C 1 line solution with explanation


  • 58
    Z

    After first elimination, all the numbers left are even numbers.
    Divide by 2, we get a continuous new sequence from 1 to n / 2.
    For this sequence we start from right to left as the first elimination.
    Then the original result should be two times the mirroring result of lastRemaining(n / 2).

    int lastRemaining(int n) {
        return n == 1 ? 1 : 2 * (1 + n / 2 - lastRemaining(n / 2));
    }
    

  • 5
    S

    Great answer. In fact, we can prove that "ML(1...n) + MR(1...n) = 1 + n" holds for any n >= 2, where ML(1...n) means removing elements from left to right first and MR(1...n) means removing elements from right to left first.


  • 1

    really like it :DDD


  • 0
    P

    Could you explain the meaning of (1 + n / 2 - lastRemaining(n / 2))? Thank you very much.


  • 14
    Z

    @pkuzw Actually you can refer to @storypku 's answer on the 1st floor. It's called mirroring. Given a sequence 1, 2, 3,...N, first we can easily know that 1 and N are mirrored by the middle of this sequence, and it holds for (2, N-1), (3, N-2) and so on. Sum of them are all N+1.

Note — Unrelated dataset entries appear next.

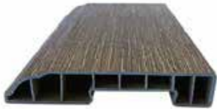
RODAPIÉ SPC DISPONIBLE EN

Tenemos accesorios de suelo SPC para todas tus necesidades de acabado de suelos. Todos nuestros accesorios SPC son completamente impermeables, a prueba de termitas y recubiertos de PVC para una durabilidad sobresaliente.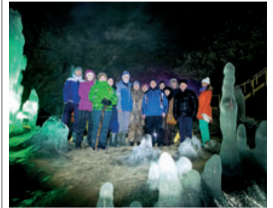
Аскынская ледяная пещера является памятником природы всероссийского значения

В Архангельском районе Башкирии состоялось торжественное открытие Аскынской ледяной пещеры. Природная жемчужина распахнулась перед посетителями в обновленном виде. Работы по благоустройству объекта проводились на средства ООО «Газпром трансгаз Уфа» в рамках реализации гранта Министерства семьи, труда и соцзащиты населения республики.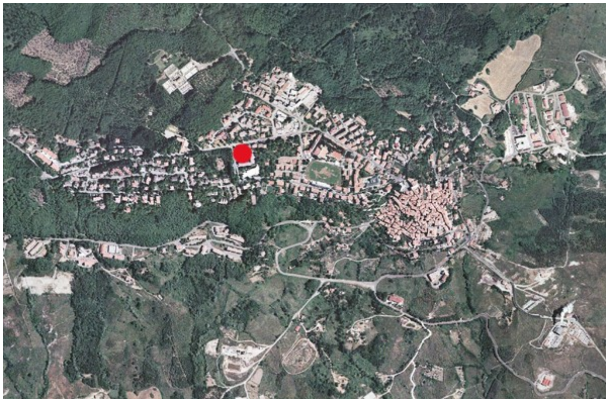
Foto aerea con localizzazione sito stazione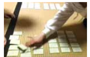
競技かるた同好会

活動を通じて、自分のやりたいこと、自分に合うこと、安らぎの場所・友人を見つけよう！ そして、大きな可能性を持つ自分を認め、未来に向かって更なる挑戦をする意欲や態度を身に付けよう！ 授業、学校行事とともに、部活動でも充実した学校生活を送りましょう！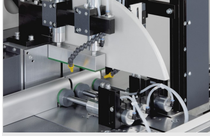
Otomatik Testere SAS 142/44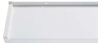
Best.-Nr. 703, Weiß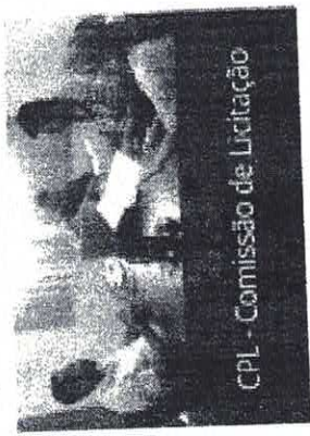
CPL - Comissão de Licitação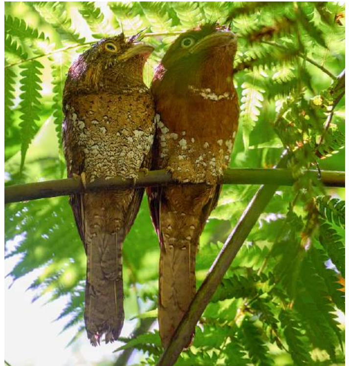
Sri Lanka Frogmouth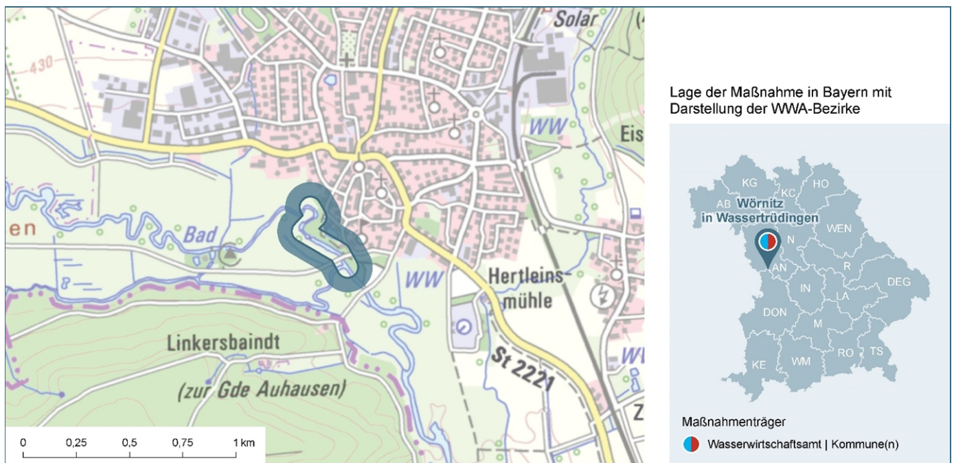
Abb. 1: Lage des Gewässerabschnittes, an dem die Maßnahme umgesetzt wurde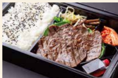
赤身弁当 (モモ肉) ¥2,200/大盛り ¥2,950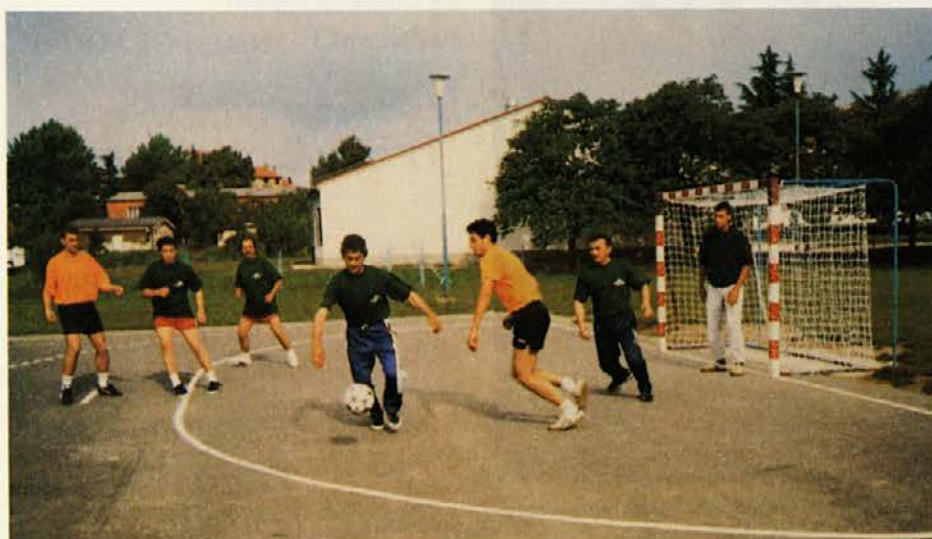
Akcija, ki je tekla tik predno je padel prvi gol.

    Then we come to the problem, suppose we have two rules: (1) the first elimination starts from the left side; (2) the first elimination starts from the right side. We follow the same elimination rules it's just the starting point is mirrored by the center. So we have:

    lastRemaining(n) + EliminateFromRightFirst(n) = n + 1;
    <=> lastRemaining(n/2) + EliminateFromRightFirst(n/2) = n/2 + 1;
    <=> EliminateFromRightFirst(n/2) = 1 + n/2 - lastRemaining(n/2);

    For the original sequence 1,2,3,...,n, after first elimination from left side, we have a new sequence 2,4,6,...,(n-1 or n). The new sequence consists of even numbers. Then actually it is 2 * (1, 2, 3, ..., n/2), in which the elimination for the (1, 2, 3, ... n/2) now starts from the right side. It is exactly EliminateFromRightFirst(n/2).


  • 0

    Same idea.

    The key point here is calculate what''s the index of the final remaining number (given the numbers indexed from 1 to n) instead of the number.


  • 0
    R

    Very brilliant solution. Thanks


  • 0
    T

    Marvelous Solution!!!


  • 0
    X

    @zhangyiwei 's solution is great and the core idea is to find that ML(1..n) + MR(1..n) = 1 + n which is mentioned by @storypku.
    Here I gave a simple proof of the equation if it can help.
    Suppoese ML(1...n) = r;
    We can replace each element in array 1...n by newValue = (n + 1) - oldValue to get a new array n...1;
    Then we can easily find the result of MR(n...1) = r also;
    Consider the the location of r in array n...1, it should be the same with the location of the result of MR(1...n) since following the same elimination rule;
    Then the corresponding value of r in array 1...n should be (n + 1) - r, which gives the result of MR(1...n).
    This proves ML(1..n) + MR(1..n) = 1 + n


  • 0
    A

    Although the space complexity is O(logn), the thinking is genius!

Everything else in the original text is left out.